## Task to complete
From the records below, copy out exactly the lines from the one containing "首先在路由配置文件route" to the one containing "每課均有三種填入練習,針對不", both included. Add nothing else.

## Given data
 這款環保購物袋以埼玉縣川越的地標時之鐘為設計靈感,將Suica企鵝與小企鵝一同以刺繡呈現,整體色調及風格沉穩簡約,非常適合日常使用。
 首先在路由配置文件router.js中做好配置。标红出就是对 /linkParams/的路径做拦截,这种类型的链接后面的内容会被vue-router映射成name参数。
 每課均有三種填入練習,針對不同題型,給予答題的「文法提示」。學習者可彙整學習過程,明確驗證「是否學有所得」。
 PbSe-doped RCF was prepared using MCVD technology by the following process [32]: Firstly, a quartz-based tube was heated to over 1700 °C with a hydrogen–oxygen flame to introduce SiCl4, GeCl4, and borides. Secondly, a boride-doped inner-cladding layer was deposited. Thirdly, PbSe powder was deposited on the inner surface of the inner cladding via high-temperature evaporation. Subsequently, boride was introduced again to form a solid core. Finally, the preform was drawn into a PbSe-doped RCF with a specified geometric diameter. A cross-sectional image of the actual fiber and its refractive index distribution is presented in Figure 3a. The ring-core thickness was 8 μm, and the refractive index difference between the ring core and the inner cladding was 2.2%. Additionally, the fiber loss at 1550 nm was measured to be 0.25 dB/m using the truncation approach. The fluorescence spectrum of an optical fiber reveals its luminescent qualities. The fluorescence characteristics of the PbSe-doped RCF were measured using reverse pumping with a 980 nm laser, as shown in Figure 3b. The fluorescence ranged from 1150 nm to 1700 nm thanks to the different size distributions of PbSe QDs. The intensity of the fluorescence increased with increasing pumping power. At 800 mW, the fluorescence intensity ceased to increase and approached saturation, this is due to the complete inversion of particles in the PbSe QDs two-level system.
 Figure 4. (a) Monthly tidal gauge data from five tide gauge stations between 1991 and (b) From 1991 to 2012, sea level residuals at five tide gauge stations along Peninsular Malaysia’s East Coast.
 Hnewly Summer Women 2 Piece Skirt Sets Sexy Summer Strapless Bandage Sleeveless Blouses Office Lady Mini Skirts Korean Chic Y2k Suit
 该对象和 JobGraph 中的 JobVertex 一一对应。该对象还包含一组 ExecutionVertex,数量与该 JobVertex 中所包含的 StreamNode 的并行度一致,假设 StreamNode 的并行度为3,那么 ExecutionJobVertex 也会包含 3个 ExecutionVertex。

## Task output
 首先在路由配置文件router.js中做好配置。标红出就是对 /linkParams/的路径做拦截,这种类型的链接后面的内容会被vue-router映射成name参数。
 每課均有三種填入練習,針對不同題型,給予答題的「文法提示」。學習者可彙整學習過程,明確驗證「是否學有所得」。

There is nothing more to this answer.